1. MySQL TINYINT(1) type will be mapped to Boolean by default. If you want to store number (-128~127) in it like MySQL,
   you can specify type mapping option `tinyint1-not-bool` (Use `--type_mapping`), then the column will be mapped to TINYINT in Paimon table.
2. You can use type mapping option `to-nullable` (Use `--type_mapping`) to ignore all NOT NULL constraints (except primary keys).

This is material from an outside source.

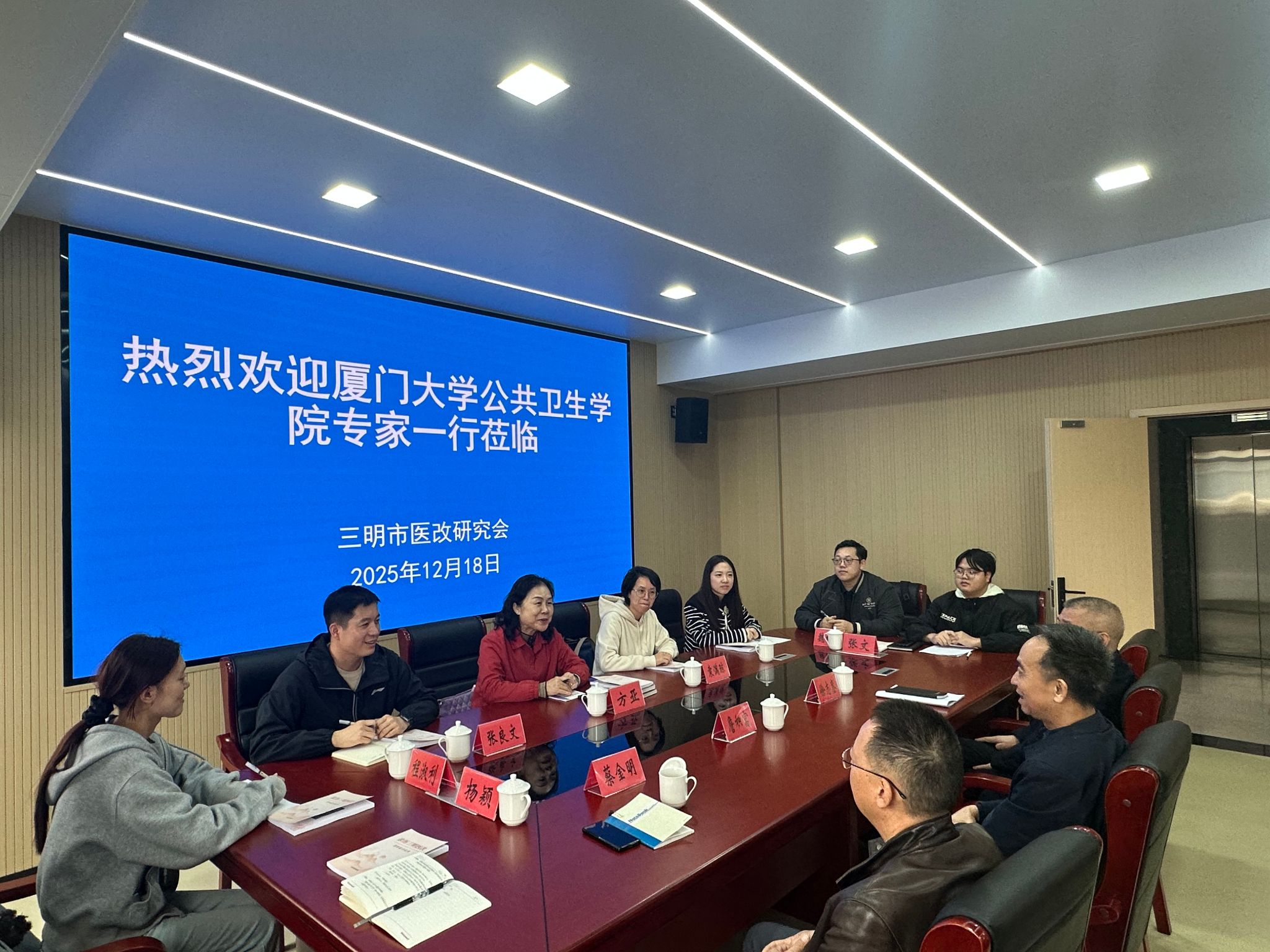 12月18日,我院党委委员、预防医学系主任、卫生经济政策暨老年健康研究中心主任方亚教授一行赴三明市医改研究会开展调研与交流。双方围绕深化医改经验总结与健康政策创新等议题进行座谈,并结合党史学习教育,推动科研实践与使命担当深度融合。

3. You can use type mapping option `to-string` (Use `--type_mapping`) to map all MySQL data type to STRING.
4. You can use type mapping option `char-to-string` (Use `--type_mapping`) to map MySQL CHAR(length)/VARCHAR(length) types to STRING.
5. You can use type mapping option `longtext-to-bytes` (Use `--type_mapping`) to map MySQL LONGTEXT types to BYTES.
6. MySQL BIT(1) type will be mapped to Boolean.
7. When using Hive catalog, MySQL TIME type will be mapped to STRING.
8. MySQL BINARY will be mapped to Paimon VARBINARY. This is because the binary value is passed as bytes in binlog, so it
   should be mapped to byte type (BYTES or VARBINARY). We choose VARBINARY because it can retain the length information.

## Setting Custom Job Name

Use `-Dpipeline.name=<job-name>` to set custom synchronization job name.